- **Assigned task**
Look through the data below for the line with "(2026.02.19 ~ 2026.03.02)" and the line with "Camisa regular fit", then transcribe exactly from the first through the second, leaving out all pictures.
*** Information provided ***
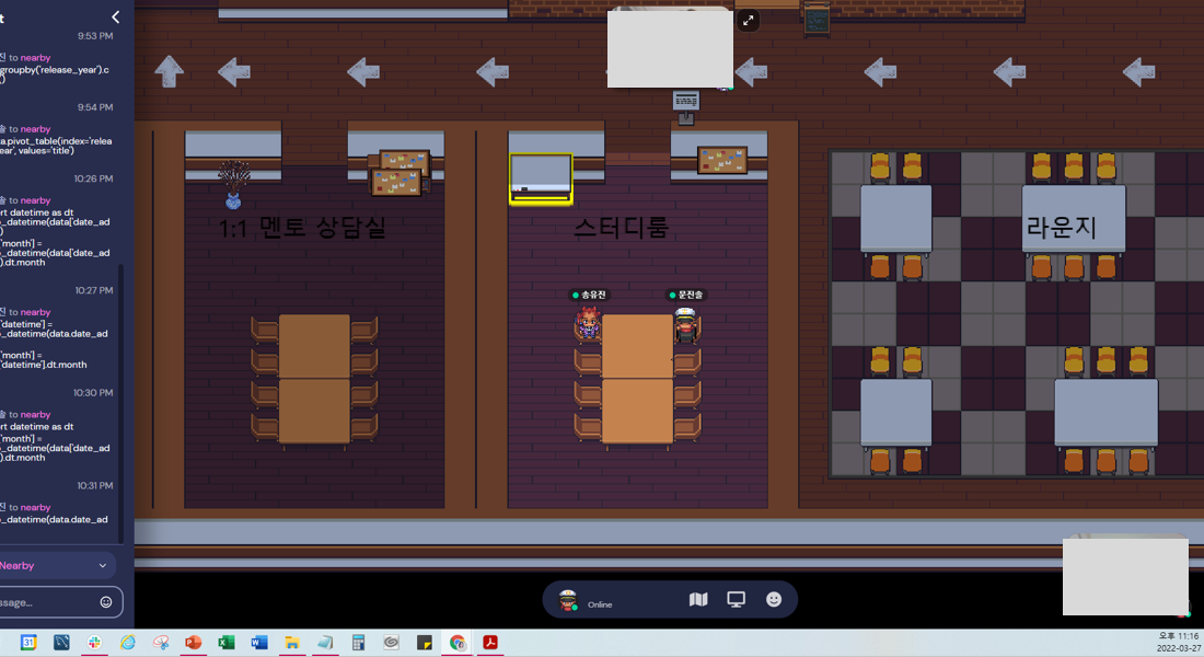 이번주에도 지난번에 같이 스터디 했던 분과 Gather town 에서 과제를 함께 했다.
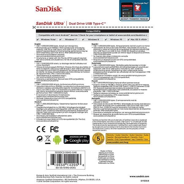 Sandisk Type C USB 3-1 Dual USB OTG 64GB SDDDC2-064G
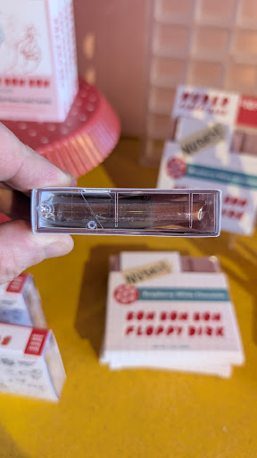 Once inside, though, the vibe shifted. The shop had multiple chocolate selections, so we grabbed a six-pack and went with one of each flavor since it was our first time here. I also loved some of the other quirky products ā chocolates shaped like floppy disks and clever giftable items with witty sayings that almost tempted us into impulse buying.
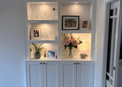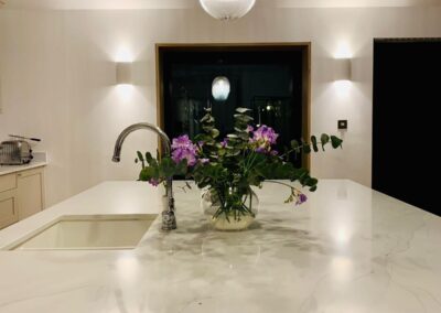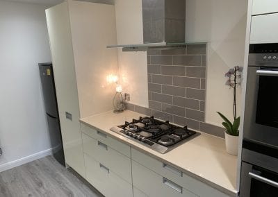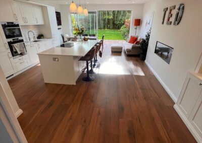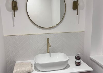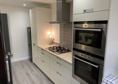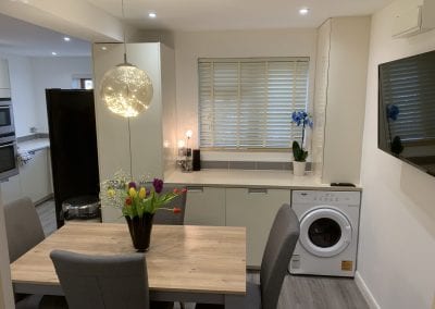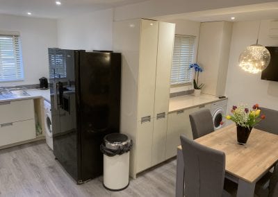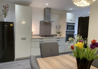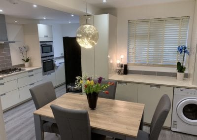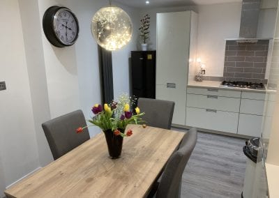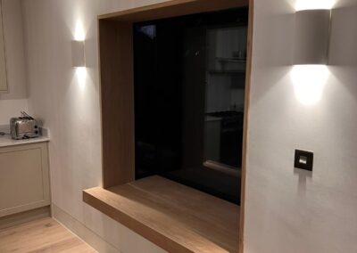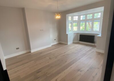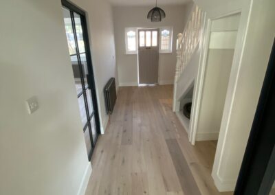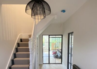 This was a full internal refurb project with the aim of creating the perfect family home for our clients. Finished to a high specification with an eye for design, we completed a full width ground floor wrap around extension, creating a new large open plan kitchen, dining and living space with a beautiful bespoke oriel window overlooking the garden. In addition, we completed a full electric re-wire to the property, fit new flooring and doors throughout, added underfloor heating, reconfigured the master bedroom to create a walk-in wardrobe and en suite, renovated the family bathroom and redecorated throughout.
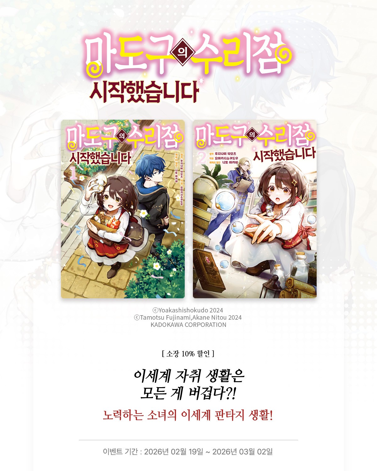 > [만화] 루체코믹스 『마도구의 수리점 시작했습니다』 1~2권 오픈! (2026.02.19 ~ 2026.03.02)
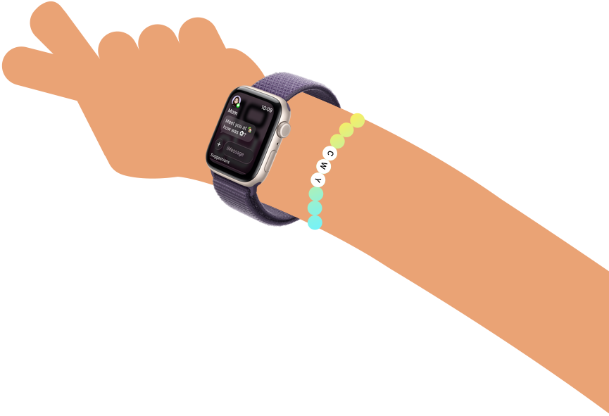 Text with just a tap, a swipe, or dictation in the Messages app. And when you add personalized backgrounds to your chats on iPhone, you’ll see them on Apple Watch, too — adding even more personality to the group chat.
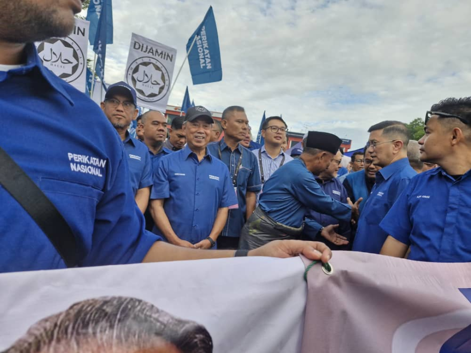 国盟主席慕尤丁抵达现场,为准候选人打气。
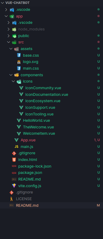 Notice we actually style the bubble as well and give it some personality depending on if the bubble is for the user or the bot. The message object stores key information such as the "role" of the message (user or assistant), and the content of the message. These are then displayed within the appropriate portions of the component and accessed through the double curly brackets (e.g., {% raw %}{{ message.content }}{% endraw %}). Now, let's update our ChatContent.vue component to pass the message prop to the ChatBubble.vue component. Here is the updated ChatContent.vue component.
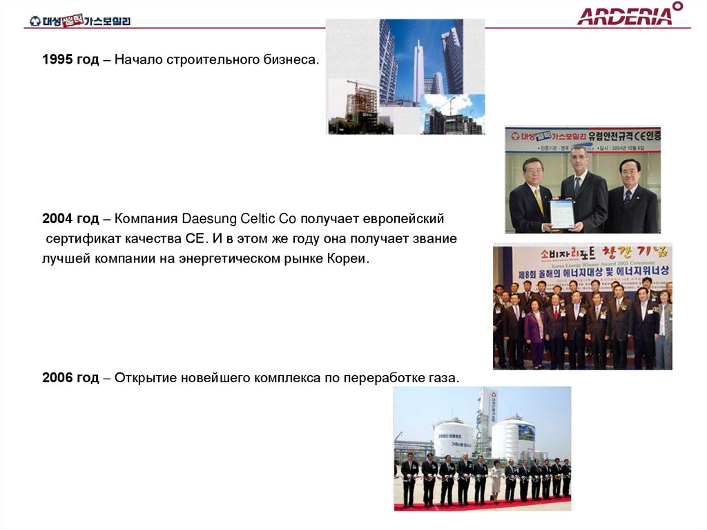 1995 год – Начало строительного бизнеса.2004 год – Компания Daesung Celtic Co получает европейский
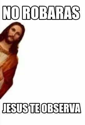 Make your own "NO ROBARAS Jesus te observa" meme with MemeCreator's free online meme generator. Add text, stickers, and drawings — then download or share. No watermark, no sign-up required.
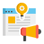 Illustration of a laptop with various digital icons such as a rocket, target, email, lightbulb, and megaphone
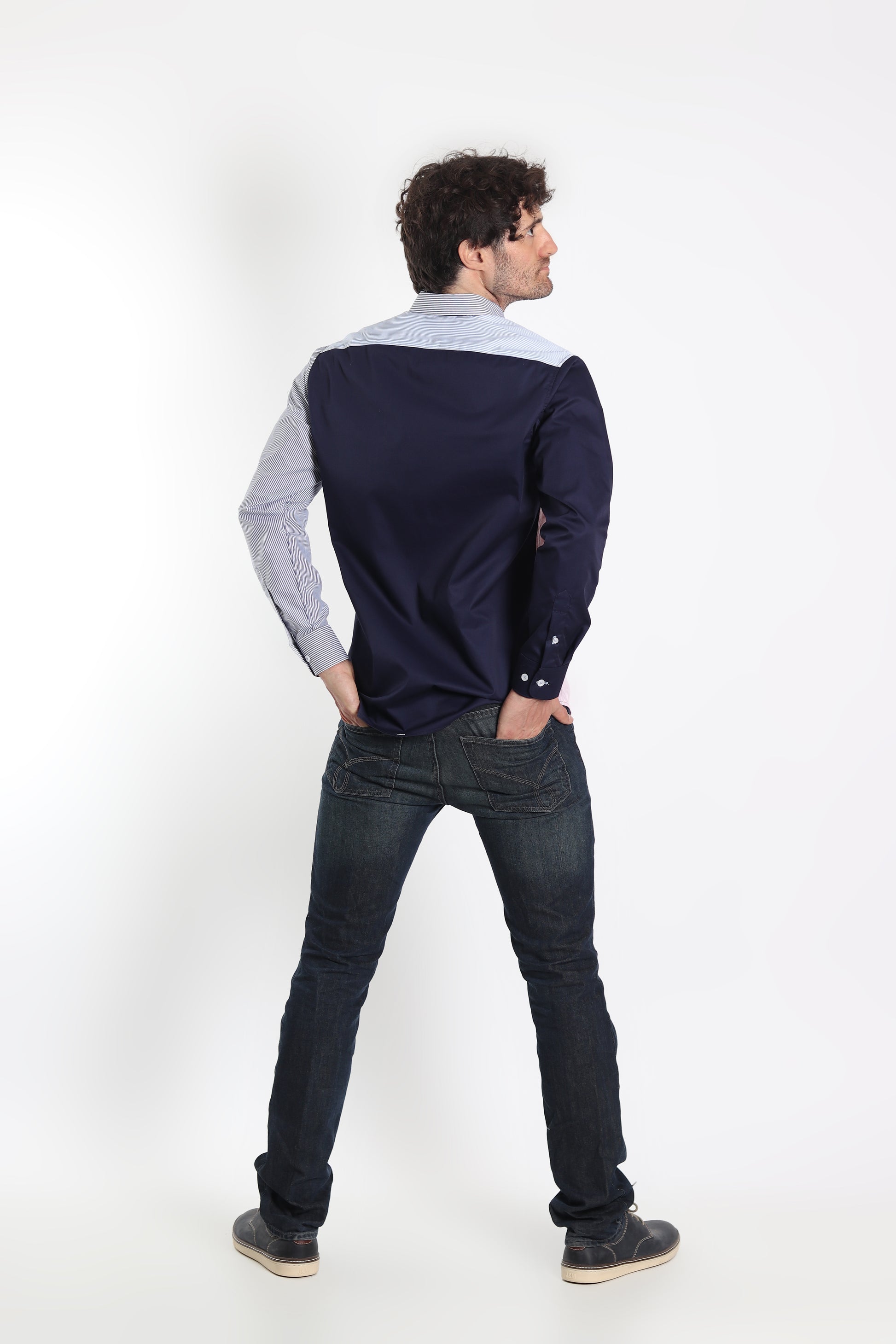 Camisa regular fit en colores combinados. Una prenda cómoda y versátil para lucir con estilo y personalidad. El modelo lleva talla M.
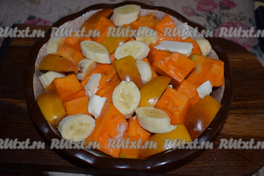 Далее в пустоты между кусочками тыквы раскладываем хурму и банан. Посыпаем десерт ванильным сахаром и вливаем воду.
*** End of Information provided ***
- **Solution to this task**
 > [만화] 루체코믹스 『마도구의 수리점 시작했습니다』 1~2권 오픈! (2026.02.19 ~ 2026.03.02)
 Text with just a tap, a swipe, or dictation in the Messages app. And when you add personalized backgrounds to your chats on iPhone, you’ll see them on Apple Watch, too — adding even more personality to the group chat.
 国盟主席慕尤丁抵达现场,为准候选人打气。
 Notice we actually style the bubble as well and give it some personality depending on if the bubble is for the user or the bot. The message object stores key information such as the "role" of the message (user or assistant), and the content of the message. These are then displayed within the appropriate portions of the component and accessed through the double curly brackets (e.g., {% raw %}{{ message.content }}{% endraw %}). Now, let's update our ChatContent.vue component to pass the message prop to the ChatBubble.vue component. Here is the updated ChatContent.vue component.
 1995 год – Начало строительного бизнеса.2004 год – Компания Daesung Celtic Co получает европейский
 Make your own "NO ROBARAS Jesus te observa" meme with MemeCreator's free online meme generator. Add text, stickers, and drawings — then download or share. No watermark, no sign-up required.
 Illustration of a laptop with various digital icons such as a rocket, target, email, lightbulb, and megaphone
 Camisa regular fit en colores combinados. Una prenda cómoda y versátil para lucir con estilo y personalidad. El modelo lleva talla M.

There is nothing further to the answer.